Debugging programs are available which read back this information on the
display or design layout to show the logic levels on internal wires.
(5) Access to gate outputs for I/O is similar to the previous access to
gate outputs for debugging. But in this particular case only a small
fraction of the logic nodes, namely those which correspond to input and
output registers, will be accessed repeatedly. The ability to rapidly
assemble a word representing input to or the result of a computation from
several bits at different locations in the control store is critical to
the effectiveness of this technique.
It is desirable to reduce the number of accesses required and hence the
time to wholly or partially reconfigure the device. Several systems other
than CAL I have been proposed which allow direct access to internal
signals in an FPGA or an FPGA-like device, for example, as disclosed in
Cellular Logic-in-Memory Arrays, William H. Kautz, IEEE Transactions on
Computers Vol C18 No. 8, August 1969; A Logic in Memory Computer, Harold
S. Stone, IEEE Transactions on Computers, Vol C19 No. 1, January 1970 and
Xilinx U.S. Pat. No. 4,758,985 Microprocessor Oriented Configurable Logic
Element, although all these proposals suffered from major drawbacks and
were not made available commercially.
It is also desirable to improve the means of accessing state information in
designs implemented on FPGAs so that an external processor can perform
word-wide read or write operations on the registers of the user's design
with a single access to the control store.

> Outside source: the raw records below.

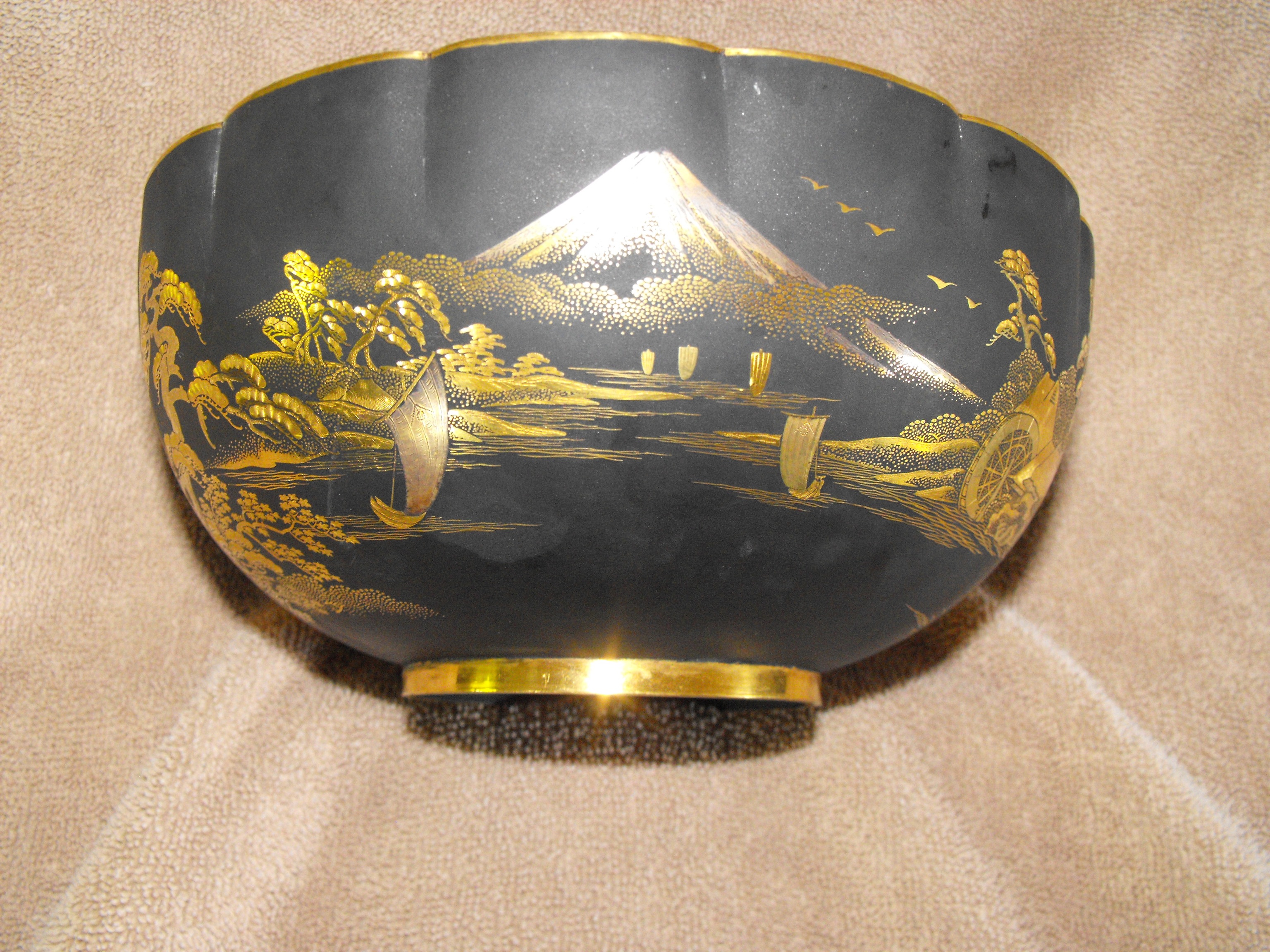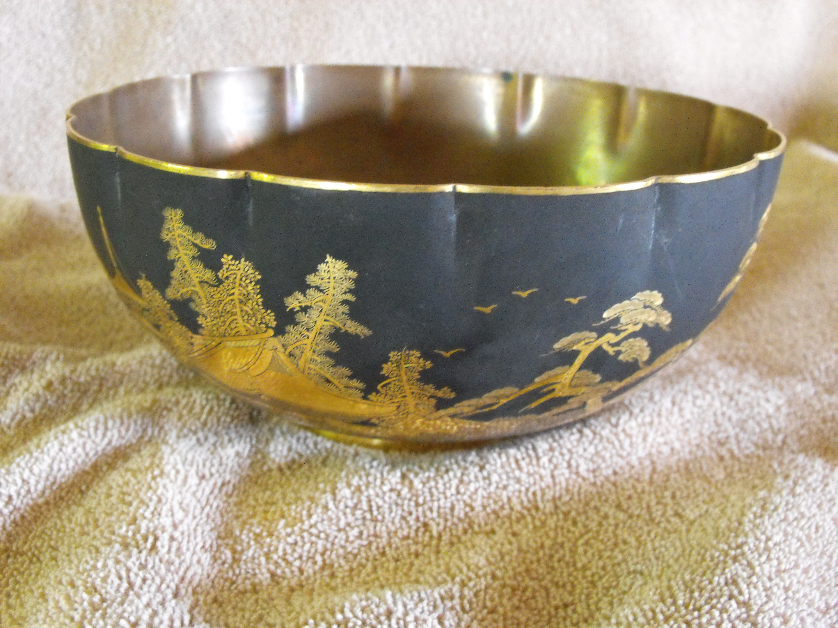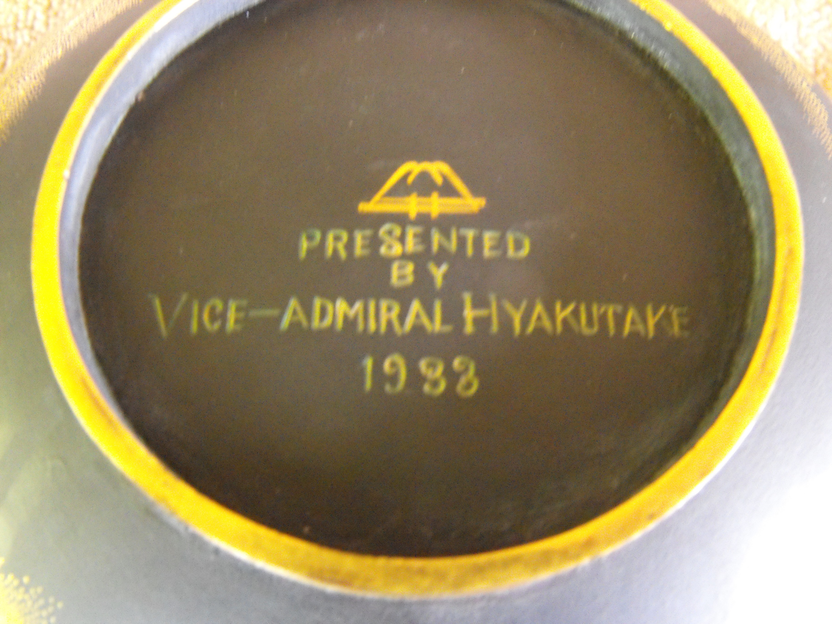 A japanese bowl decorated with various scenic motifs, the bottom is enscribed " Presented by Vice Admiral Hyakutake 1933". The bowl measures 3 1/4 inches high, 7 1/4 inches wide and the depth is 3 inches.  I cannot tell if the metal is gold, bronze or copper.  A magnet is not attracted. Gengo Hyakutake was a career officer in the Imperial Japanese Navy and this bowl was presented to the governor of California.  It has been in the family for 80 years.  I do not know if the age of the bowl is consistant with the enscribed date on the bottom or not. I also cannot determine if the symbol that looks like a mountain on back is a makers' mark.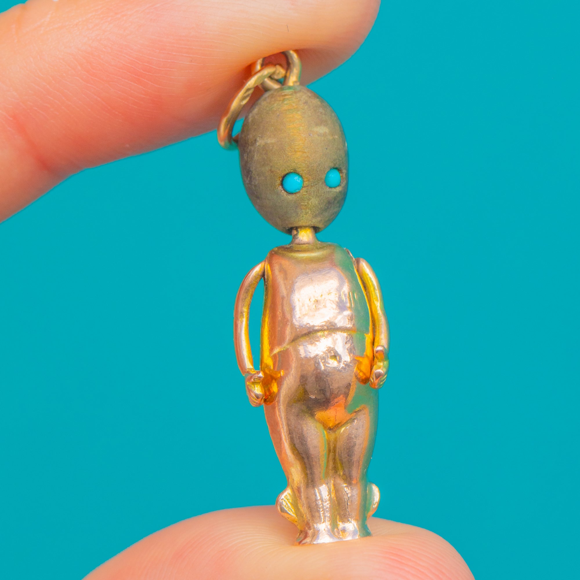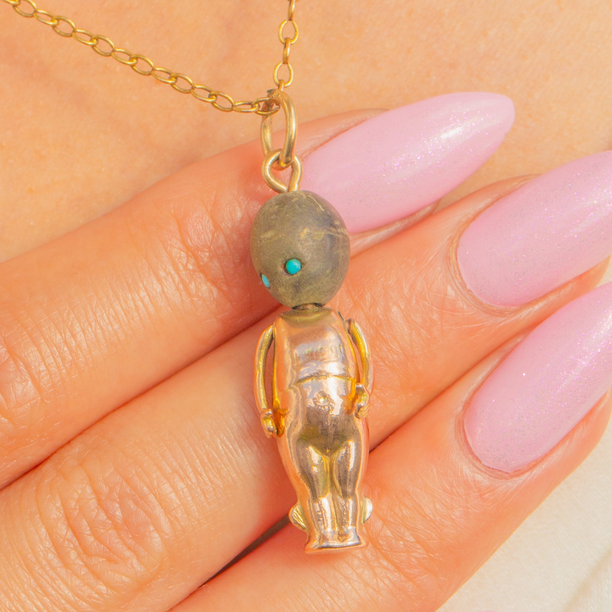 This example pairs a warm, sculptural Gold figure with a contrasting wooden head, its natural patina enhancing the whimsy and folklore appeal. Delicate Turquoise accents bring the face to life, while subtle articulation at the shoulders and a top jump ring make it effortlessly ready to wear on your favourite chain.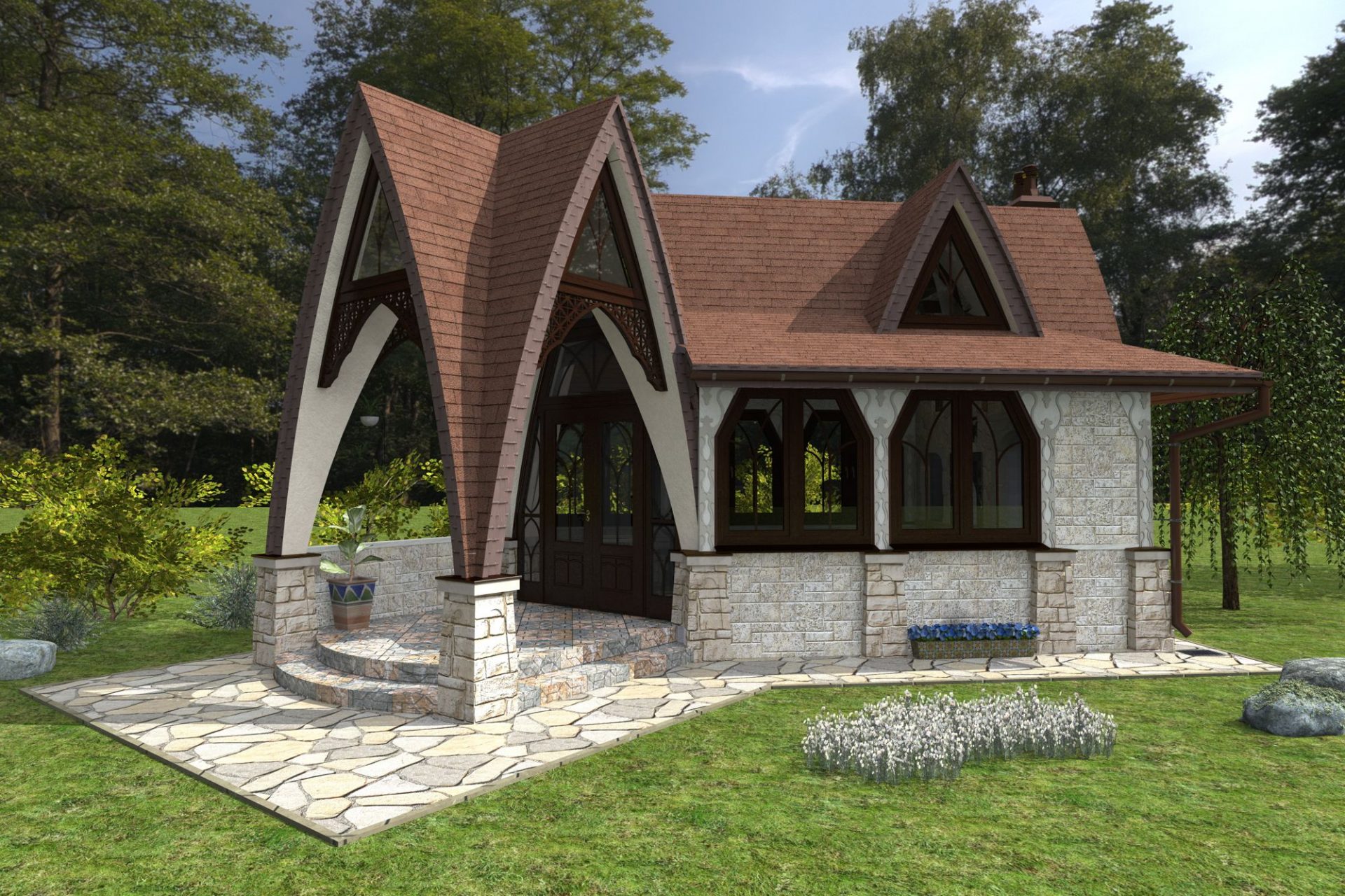 - Pedra natural. Não parece tão interessante quanto o tile, mas é muito bonito à sua maneira. Se você vai fazer uma área aberta, cercada por áreas verdes ou com um toldo de plantas trepadeiras, então a pedra natural será combinada com as melhores. Pode servir pelo menos cem anos, mas pesado e caro.

Thus the control store
interface allows high bandwidth communication between the processor and
the FPGA. It is also desirable to provide mechanisms for synchronising
computations between the FPGA and the processor and to provide a mechanism
for extending design configuration files to support dynamic
reconfiguration while allowing use of conventional tools for static
designs to create FPGA configurations.
The architecture of the CAL 1024 was based on 1.5 micrometer technology
available in 1989. One problem with the CAL I architecture in which cells
are connected only to their nearest neighbours was that cells in the
middle of the array became less useful with increasing array size as the
distance and hence delay to the edge of the chip increased. This problem
became more serious as improvements in processing technology meant that
the number of cells implementable per chip increased from 1024 to about
16,384. This resulted in a scalability problem because of increased
delays, and reduced the performance below the desired criteria. Thus,
although scalability of chips using the CAL I architecture can be
achieved, it is at the expense of performance. The limited number of cells
available on a single chip with 1.5 .mu.m technology meant that it was
desirable to ensure scalability over chip boundaries so that large designs
typical of many computational applications could be realised using
multiple chips. The limitations of the then processing technology also
made it essential to optimise the architecture for silicon area and
sometimes this optimisation was at the expense of speed. The original
Algotronix CAL 1024 chips were designed to bring out peripheral array
signals to pads on the edges of the cellular array so that they could be
cascaded into larger cellular arrays on a printed circuit board. Packaging
technology has not evolved as rapidly as chip technology and limitations
on the number of package I/O pins make it uneconomic to produce fully
cascadable versions of the higher cell density chips.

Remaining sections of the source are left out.